Keywords: mitochondrial DNA, iron overload, cardiomyopathy
Introduction
Patients with iron overload are liable to slowly developing cardiomyopathy characterized by systolic and diastolic dysfunction but the pathophysiologic mechanism(s) underlying this gradual organ damage remain poorly defined. Despite the highly likely conjecture that iron-mediated tissue damage involves interactions between ‘loose’ iron and cellular oxidizing and reducing equivalents, the pathophysiologic events involved in this disorder (as well as hepatic and pancreatic damage seen in chronic iron overload) have not been fully elucidated.
Iron is required for the activity of numerous iron- and heme-containing proteins, but “free” (redox active) iron catalyzes the formation of highly toxic reactive oxygen species (ROS) that damage lipids, proteins and DNA [1]. This damage is assumed to arise from iron-catalyzed hydroxyl radical (•OH) formation or, perhaps more likely, iron-centered radicals such as ferryl and perferryl [2,3]. Iron-driven oxidation events require that the metal interact with cellular reducing and oxidizing equivalents such as superoxide and hydrogen peroxide, a major source of which is 'leak' of electrons from the mitochondrial electron transport chain [4].

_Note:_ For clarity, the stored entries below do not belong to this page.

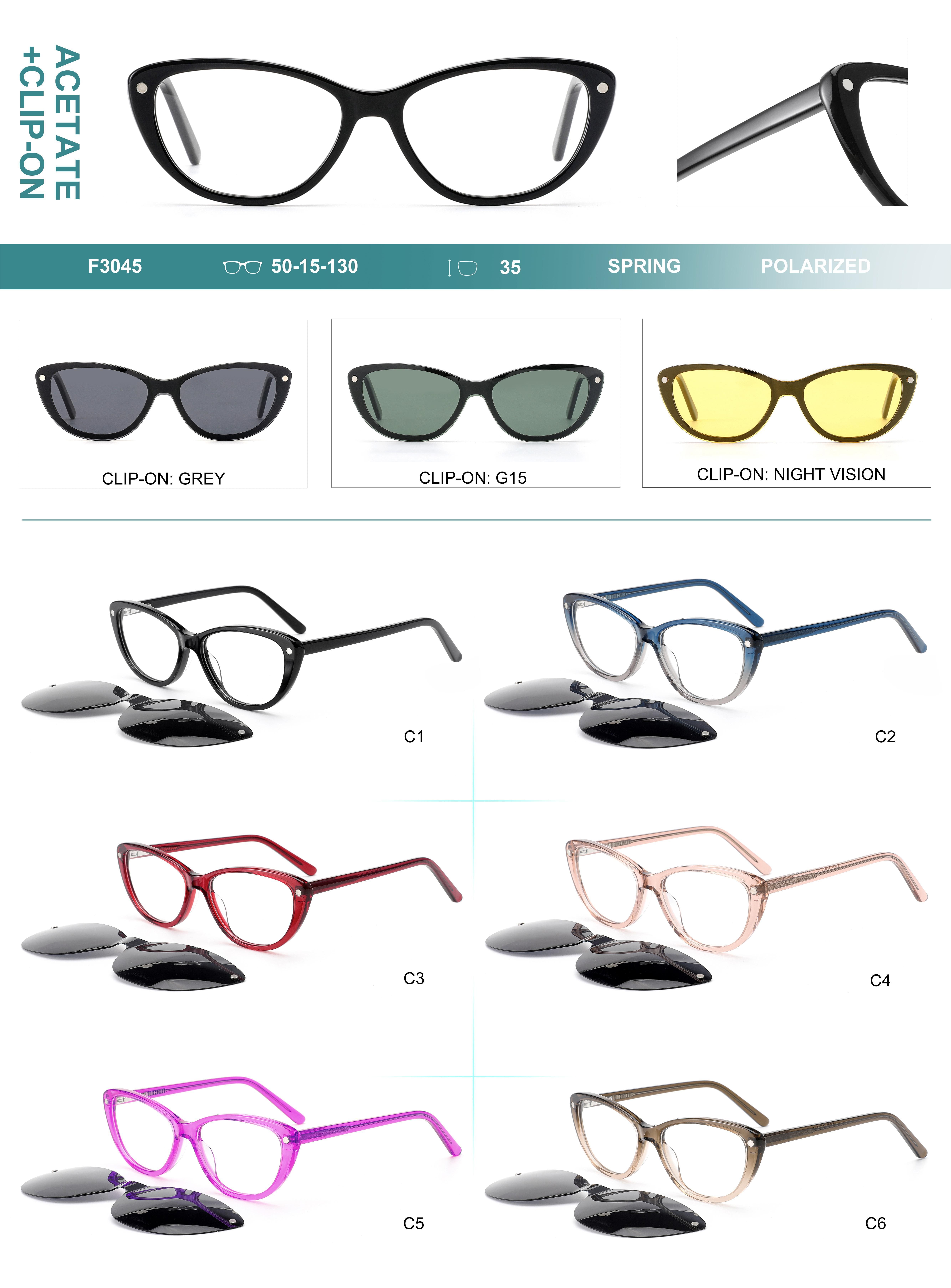 Оправа пластиковая из материала ацетат, с флексом + насадка солнцезащитная поляризационная (клипон) Big City F3045S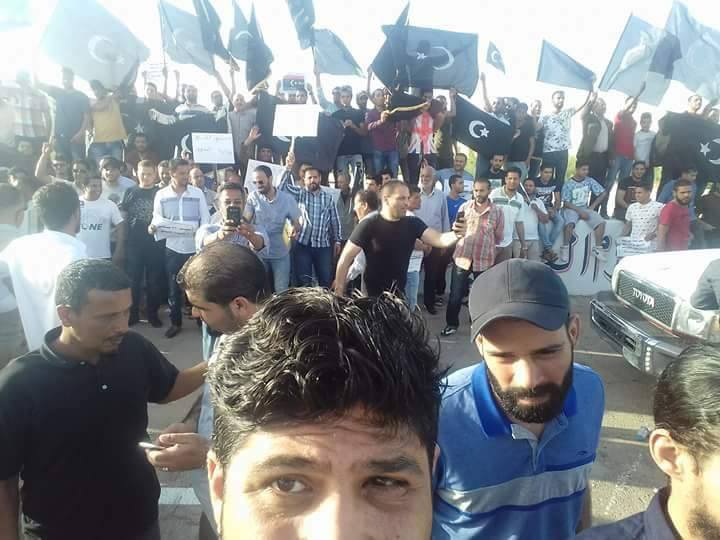 A protest against Libyan political agreement held in #Misrata today. Chief of Misrata Military Council Brig. Ibrahim Bin Rajab took part.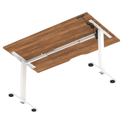 Air Lite 1400 x 800mm Scalloped Edge Height Adjustable Office Desk Walnut Top White Leg
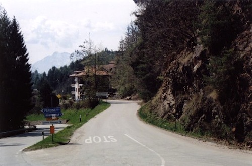 9- La «curva milagrosa» de Montagnaga (Italia). Situada a las puertas de la aldea Montagnaga, a primera vista se trata de una simple carretera asfaltada. A partir de la aldea el camino parece ser un poco cuesta abajo y, al final, hay una señal de Stop. En realidad, al pasar de la señal de parada, la ruta se inicia como un descenso y, un poco antes de la mitad del camino, se convierte en un ascenso muy fácil: esto es suficiente para mover el coche hacia atrás, pero no es evidente para la vista.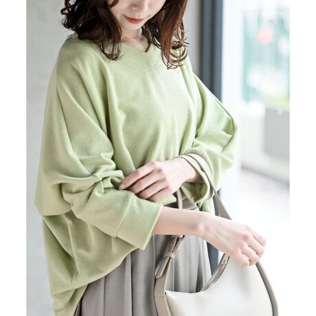 鎖骨ラインをきれいに見せてくれる開きすぎないVネックで女性らしい印象に。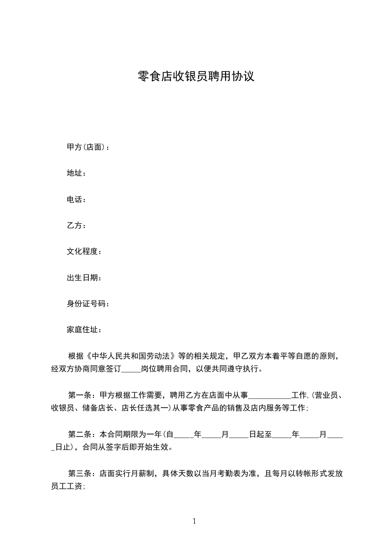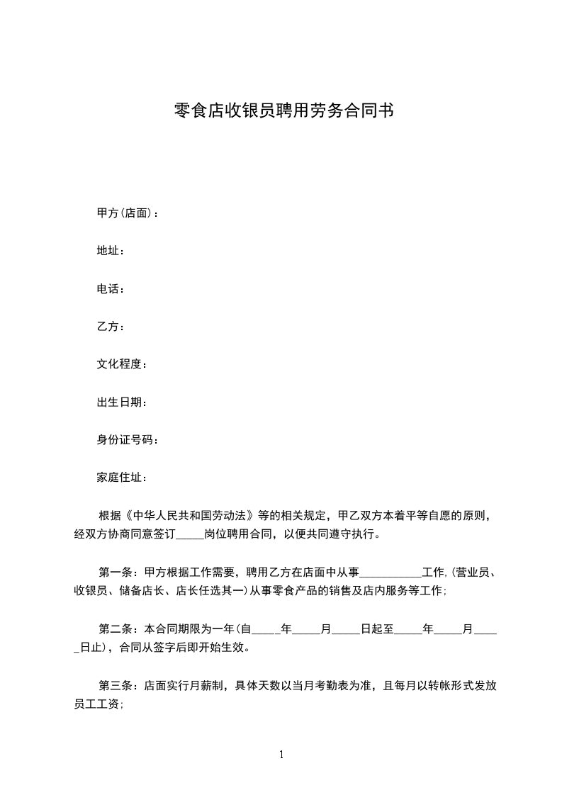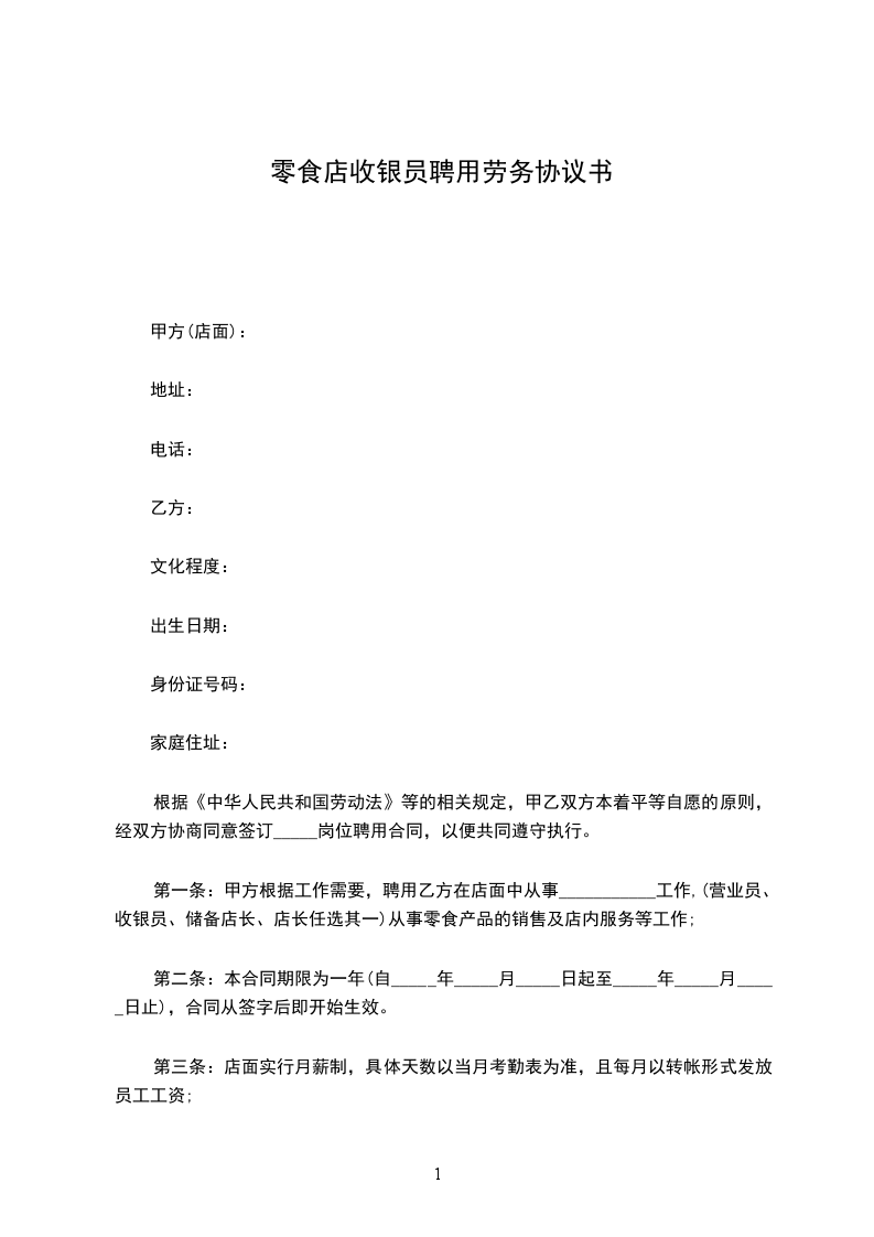 零食店收银员聘用劳务合同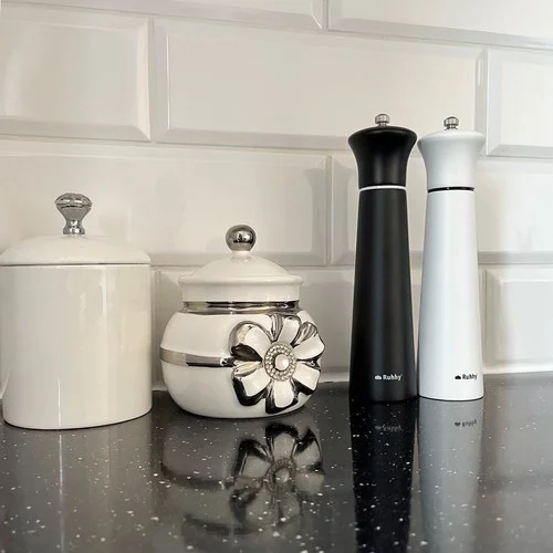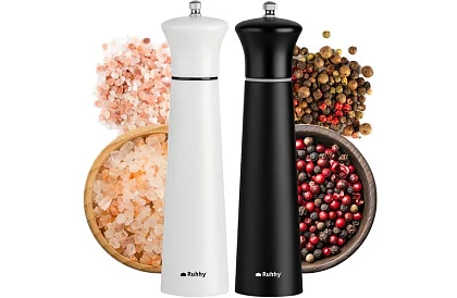 • Ręczne młynki do przypraw 2 sztuki - Czarno-białe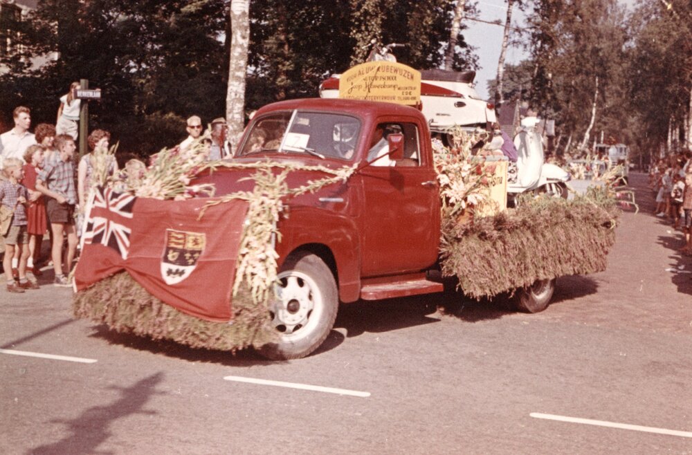 Een versierde vrachtwagen van rijschool Joop Haverkamp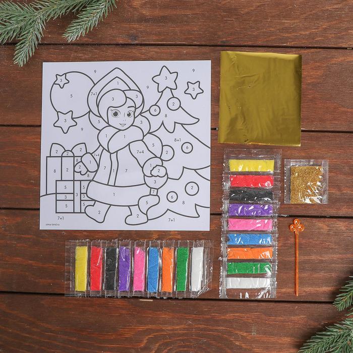Процесс создания картины из песка прост и увлекателен. Снимите верхний слой с одного сектора картинки и засыпьте его песком, блёстками или заполните фольгой, помогайте стекой. Можете ориентироваться на цифры в секторах и подсказку на упаковке или пофантазировать и создать свою уникальную картину!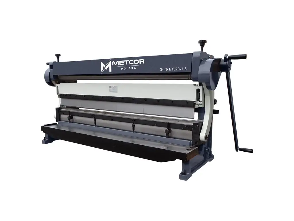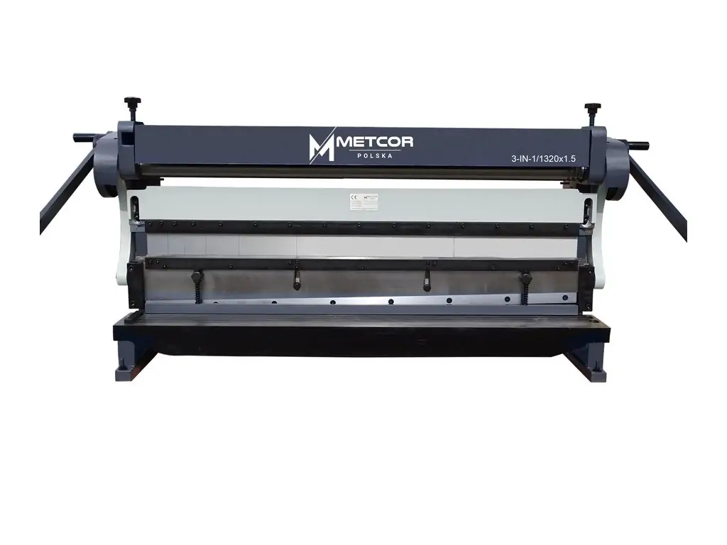 Комбінований верстат METCOR 1320x1.5 поєднує в собі функції гільйотини, вальців і сегментного листозгина, що робить його універсальним рішенням для невеликої майстерні чи малого виробництва. Розрахований на роботу з листовим металом товщиною до 1,5 мм. Максимальний кут згину становить 90°. Робоча ширина - 1320 мм.
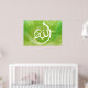 Poster de caligrafia de Alá, belíssima e moderna, com folhas verdes e rastros leves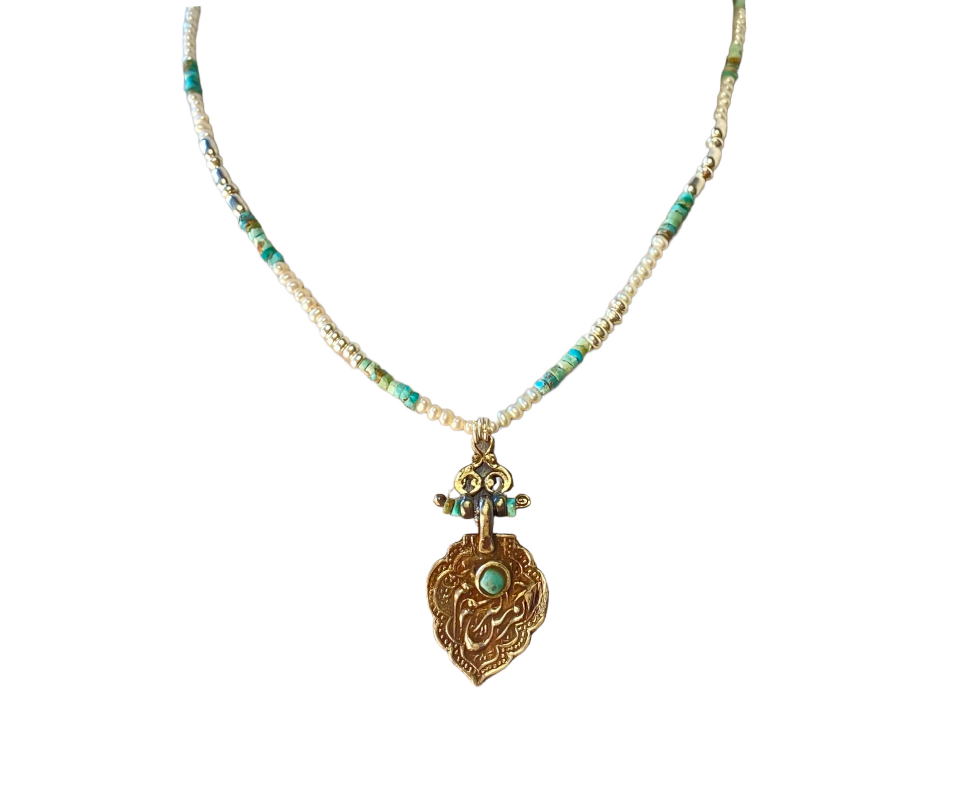Vintage ist eine Stilrichtung in Mode und Design. Diese außergewöhnliche handgemachte Kette mit einer alten Tafel und schönen Türkissteinen sorgt für ein originelles Design.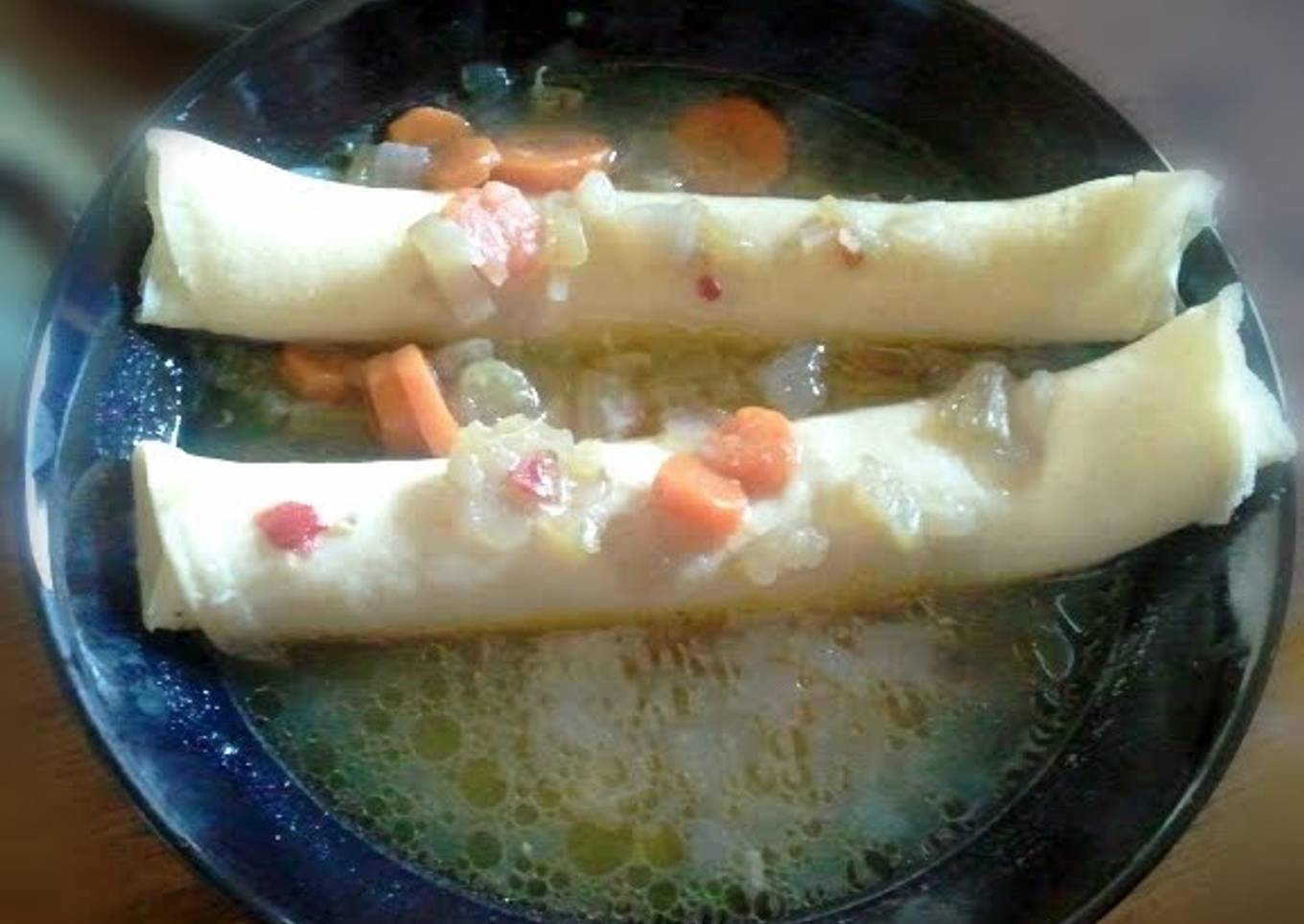 - Once you have made two pancakes per person, prepare bowls and remove chicken quarters and some of the larger vegetables from the stock and put to one side (this is great with fresh bread and butter for seconds or for another day). In each pancake sprinkle a small pinch of black pepper and an even layer of grated parmesan (you can use peccorino it's just as nice) and roll up and place into the bowls. Once all the pancake rolls are in, pour the broth over them untill they are submerged.

We investigated the hypothesis that progressive iron-catalyzed oxidant damage to mitochondrial DNA (mtDNA) might occur in chronic iron overload and that this might lead to loss of respiratory capacity and cardiac dysfunction. For this study, a murine model of iron-overload cardiomyopathy was used. Overall, the results indicate that iron-mediated damage to mtDNA does occur and is associated with decreased expression of mitochondrially-encoded (but not nuclear encoded) mRNA and proteins. These effects are associated with loss of mitochondrial respiratory capacity and quite likely lead directly to cardiac dysfunction.
Materials and Methods
Materials
Iron dextran (batch 018H251711; ferric hydroxide dextran complex, elemental iron content 100 mg/ml containing 0.5% phenol as a preservation), trichloroacetic acid (TCA), Ferene S (3-(2-pyridyl)-5,6-di(2-furyl)-1,2,4-triazine-5',5"-disulfonic acid), Hanks balanced salt solution (HBSS), bovine heart cytochrome c, sodium citrate, potassium phosphate, ethyl acetate, porcine heart isocitrate dehydrogenase, β-NADH, MnCl2, sucrose, potassium phosphate, ethylenediaminetetraacetic acid (EDTA), tris (hydroxymethyl) aminomethane, tris (hydroxymethyl) aminomethane (Tris) and the acid salt tris-HCl, ethylene glycol-bis (β-aminoethyl ether) N,N,N’,N’-tetraacetic acid (EGTA), 3-(N-morpholino)propanesulfoniic acid (MOPS) and ethyl acetate, were purchased from Sigma Chemical Co. (St. Louis, MO). Perchloric acid was purchased from Fisher Scientific (Pittsburgh, PA). The rTth DNA Polymerase XL (eXtra Long) designed for generating long PCR products was obtained from Applied Biosystems (Foster City, CA). GoTaq® Flexi DNA Polymerase and RNasin® ribounclease inhibitor were obtained from Promega (Madison WI). PicoGreen was purchased from Molecular Probes (Eugene, OR).
Animals and treatment
Male B6D2F1 mice aged 6 weeks, average weight 20–25 grams, were purchased from Jackson Laboratory (Bar Harbor, ME). Twenty mice were randomized to receive repetitive intraperitoneal (i.p.) injections of iron dextran (10 mg elemental Fe/day/mouse; 100 ul volume) or saline, 5 days per week for a total of 4 weeks following institutional guidelines and an earlier protocol [5].
Electron microscopy
Myocardial samples were taken from the left ventricles and cut into small pieces (~1-mm3). Tissue samples were fixed in 3% glutaraldehyde in 0.1 mmol/L sodium cacodylate buffer (pH 7.4) for 2 h at 4° C, and post-fixed in 1% osmium tetroxide. The samples were embedded and ultrathin (5 µ) sections were prepared. The sections were then stained with uranyl acetate and lead citrate, and observed under an electron microscope.
Echocardiography
Transthoracic echocardiography was performed on control and treated animals using a Sonos 5500 Philips echocardiograph with a 15-6L 7–15 MHz multifrequency linear transducer and an S12 5–12 MHz Doppler transducer. Mice were anesthetized with tribromoethanol (Avertin®) (2.5% working stock in isotonic NaCl).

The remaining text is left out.